***** Supplied records

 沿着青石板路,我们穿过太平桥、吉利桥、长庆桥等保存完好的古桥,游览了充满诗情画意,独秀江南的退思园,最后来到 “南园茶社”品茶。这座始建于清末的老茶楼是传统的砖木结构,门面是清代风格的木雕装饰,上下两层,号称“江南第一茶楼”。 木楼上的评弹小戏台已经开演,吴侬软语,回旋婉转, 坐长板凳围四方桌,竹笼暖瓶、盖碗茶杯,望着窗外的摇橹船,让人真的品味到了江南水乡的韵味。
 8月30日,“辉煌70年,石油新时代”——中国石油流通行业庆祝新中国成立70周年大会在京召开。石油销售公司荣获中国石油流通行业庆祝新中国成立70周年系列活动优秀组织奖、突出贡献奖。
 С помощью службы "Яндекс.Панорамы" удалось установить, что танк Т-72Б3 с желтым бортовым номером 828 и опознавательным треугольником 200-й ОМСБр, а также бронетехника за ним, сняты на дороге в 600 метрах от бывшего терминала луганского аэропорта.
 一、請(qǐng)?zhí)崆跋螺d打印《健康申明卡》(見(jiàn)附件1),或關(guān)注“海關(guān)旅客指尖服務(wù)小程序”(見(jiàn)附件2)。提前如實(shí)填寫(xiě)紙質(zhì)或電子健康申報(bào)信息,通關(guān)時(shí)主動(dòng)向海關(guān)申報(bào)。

**********
***** Supplied records

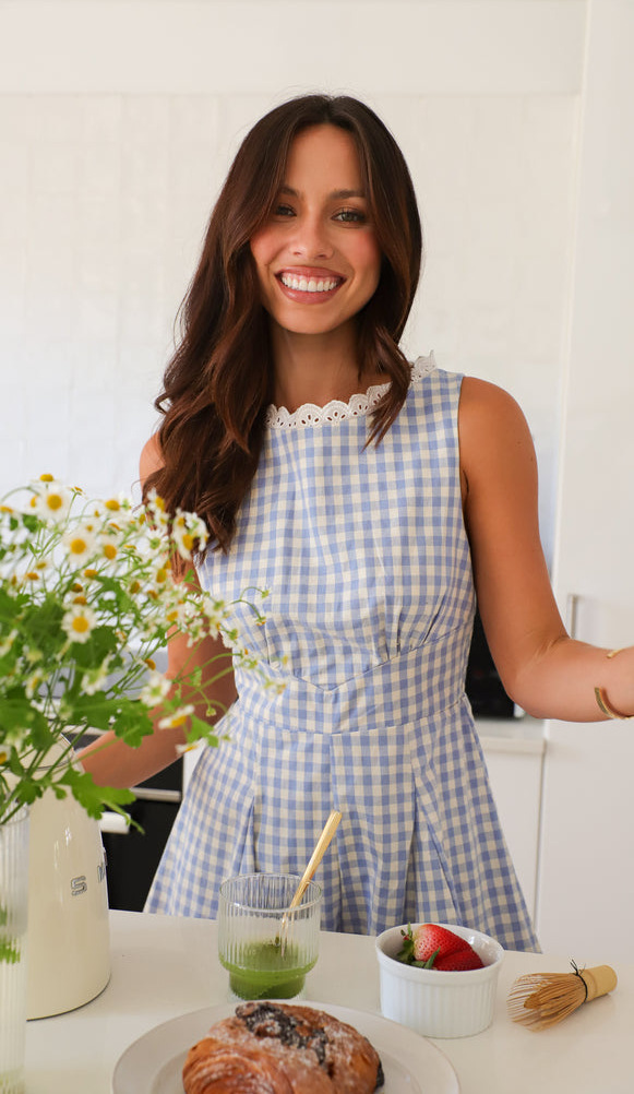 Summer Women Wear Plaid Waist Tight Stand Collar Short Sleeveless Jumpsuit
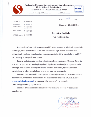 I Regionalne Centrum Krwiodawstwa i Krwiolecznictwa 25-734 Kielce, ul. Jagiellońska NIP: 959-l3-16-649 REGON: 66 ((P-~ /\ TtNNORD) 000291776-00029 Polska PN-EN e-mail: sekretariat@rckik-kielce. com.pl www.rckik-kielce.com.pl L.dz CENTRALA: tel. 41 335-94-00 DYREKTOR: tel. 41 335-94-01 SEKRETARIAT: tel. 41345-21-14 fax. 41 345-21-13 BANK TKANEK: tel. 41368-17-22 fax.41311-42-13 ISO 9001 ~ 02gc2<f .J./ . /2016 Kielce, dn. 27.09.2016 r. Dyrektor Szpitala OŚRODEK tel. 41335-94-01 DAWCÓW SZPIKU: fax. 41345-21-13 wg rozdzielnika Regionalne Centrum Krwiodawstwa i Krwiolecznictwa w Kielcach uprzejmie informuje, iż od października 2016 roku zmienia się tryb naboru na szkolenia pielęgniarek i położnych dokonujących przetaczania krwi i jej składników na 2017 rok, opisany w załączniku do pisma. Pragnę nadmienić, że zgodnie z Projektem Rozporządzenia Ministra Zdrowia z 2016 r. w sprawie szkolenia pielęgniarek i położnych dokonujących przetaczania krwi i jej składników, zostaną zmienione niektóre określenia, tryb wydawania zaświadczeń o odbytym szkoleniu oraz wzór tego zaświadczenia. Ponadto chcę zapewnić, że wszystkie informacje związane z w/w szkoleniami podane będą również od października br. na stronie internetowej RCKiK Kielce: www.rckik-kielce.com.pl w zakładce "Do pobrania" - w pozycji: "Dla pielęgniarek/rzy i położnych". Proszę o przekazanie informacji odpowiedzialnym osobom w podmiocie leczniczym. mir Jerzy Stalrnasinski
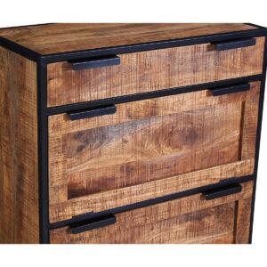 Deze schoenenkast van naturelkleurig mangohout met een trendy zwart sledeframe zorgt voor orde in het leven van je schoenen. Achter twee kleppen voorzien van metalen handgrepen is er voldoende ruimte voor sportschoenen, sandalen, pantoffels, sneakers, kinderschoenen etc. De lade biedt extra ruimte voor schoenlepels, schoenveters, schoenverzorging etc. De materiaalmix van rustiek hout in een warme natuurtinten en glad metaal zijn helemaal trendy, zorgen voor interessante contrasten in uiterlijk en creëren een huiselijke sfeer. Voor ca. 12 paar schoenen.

**********

• _What is required_
From the records above, transcribe exactly the run of lines that opens with the line holding "С помощью службы" and closes with the line holding "一、請(qǐng)?zhí)", both included.

• _Exercise result_
 С помощью службы "Яндекс.Панорамы" удалось установить, что танк Т-72Б3 с желтым бортовым номером 828 и опознавательным треугольником 200-й ОМСБр, а также бронетехника за ним, сняты на дороге в 600 метрах от бывшего терминала луганского аэропорта.
 一、請(qǐng)?zhí)崆跋螺d打印《健康申明卡》(見(jiàn)附件1),或關(guān)注“海關(guān)旅客指尖服務(wù)小程序”(見(jiàn)附件2)。提前如實(shí)填寫(xiě)紙質(zhì)或電子健康申報(bào)信息,通關(guān)時(shí)主動(dòng)向海關(guān)申報(bào)。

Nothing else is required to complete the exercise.